I'm pretty sure I left my reasoning skills at home last night, and just brought anger and rage with me.
dipping my christmas cookies in kaluha. santa would be proud.
You threw a bottle at the bartender and then stole his tip jar. However, you were quickly KO'd by the bartender. Solid right hook.
You were making dinosaur noises while jerking me off..
this kid is using one arm to help his buddy with a keg stand, and the other arm to hold up the chick he's making out with.
Apologies for hacking your facebook and posting that picture of you passed out hooked up to the IV...but we were sat with you on the ER floor for 3 hours, it got boring
He's hot though. It's not like he JUST got out of prison. That was like months ago
Serious questions. Who is that girl? Why is she wearing a tiara? And why does she keep asking about penis piercings?
There should be a promo code on the Papa Johns website for "I have no moneys but if you send a cute delivery guy I will pay him in blow jobs."

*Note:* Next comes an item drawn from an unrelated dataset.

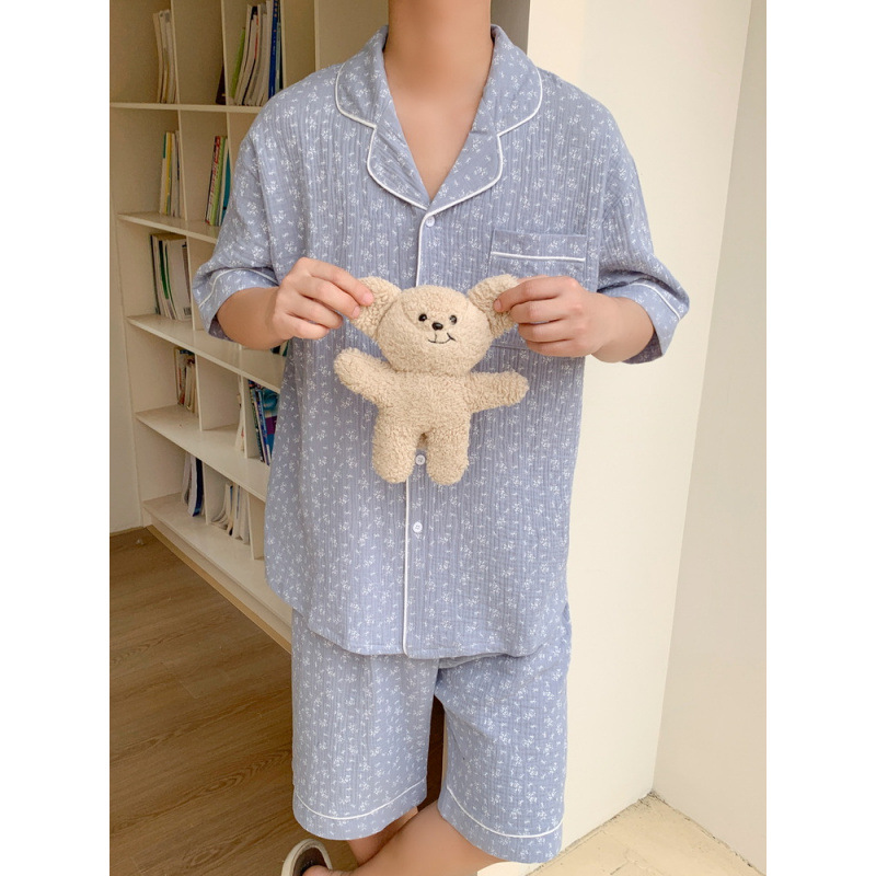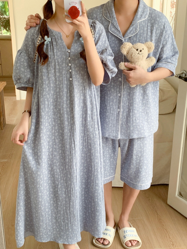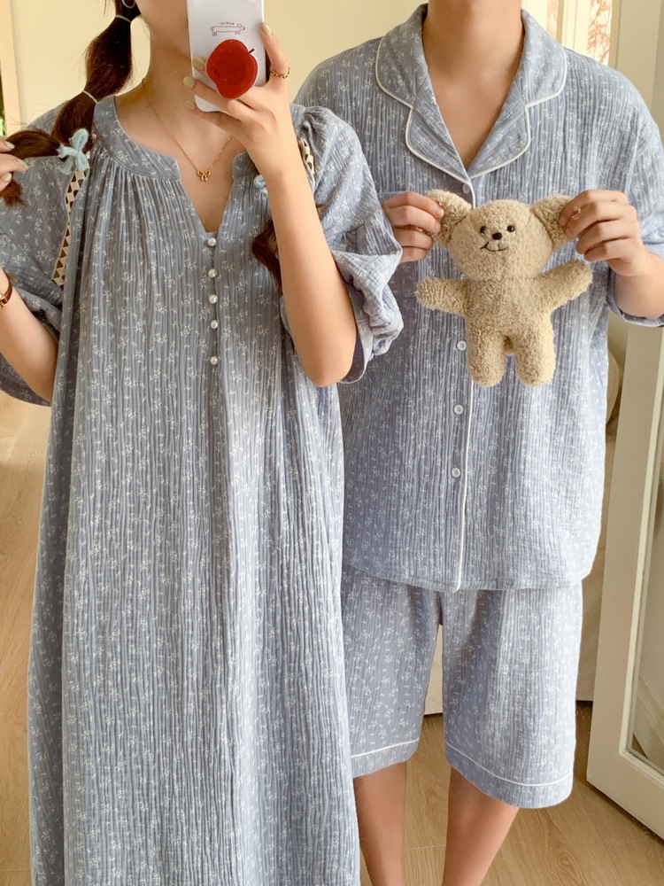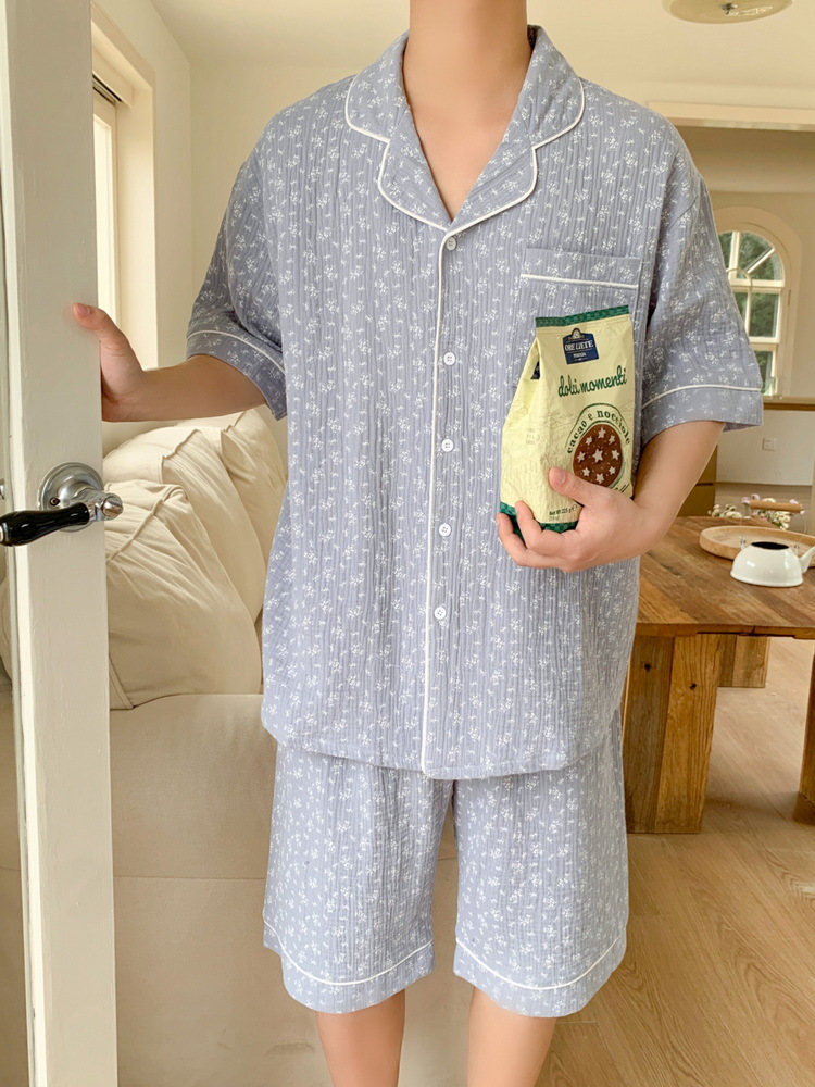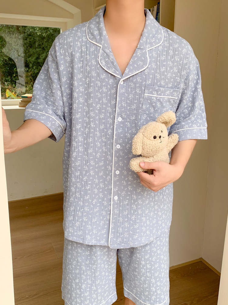대외 무역 커플을위한 국경 특별 파자마 잠옷 여름 반팔 꽃 할로우 아웃 캐주얼 의상 남성 세트스토어 가기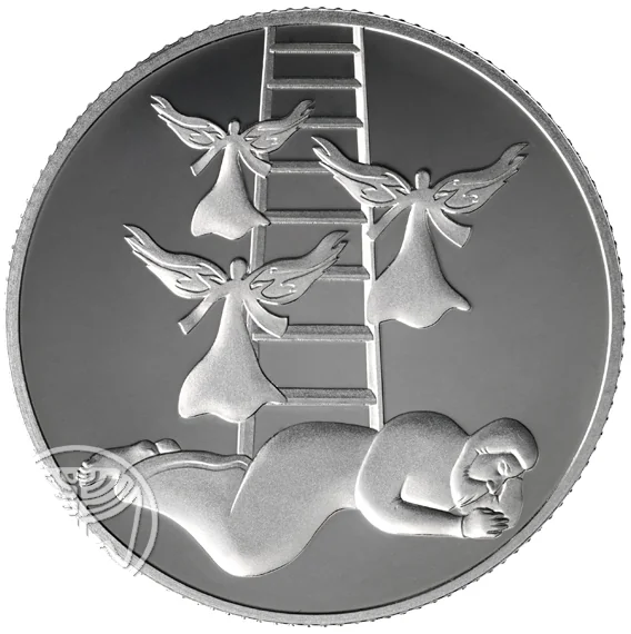 Face value and Israel's emblem. "Israel" in three languages. Depicts Jacob's dream ladder with "Jacob's Dream" inscribed in English, Hebrew, and Arabic.

He sat next to me, put his arm around me, yelled at his girlfriend that he was breaking up with her, and told me I'm his little pet for the night.
Until you have had Country Grammar stuck in your head whilst writing a Supreme Court brief you've never lived.
BILL GATES DONALD TRUMP LET ME IN NOW
I found a used condom in my purse this morning. It was in there with a bunch of smushed french fries.
Woke up in a house I don't know, with someone else's pants on, and wolverine hair, to my girlfriend yelling on the phone about the 4 girls I made out with last
What's a sexy way to say balls deep???
I got paid to fuck my boss for lunch. My job is better than yours.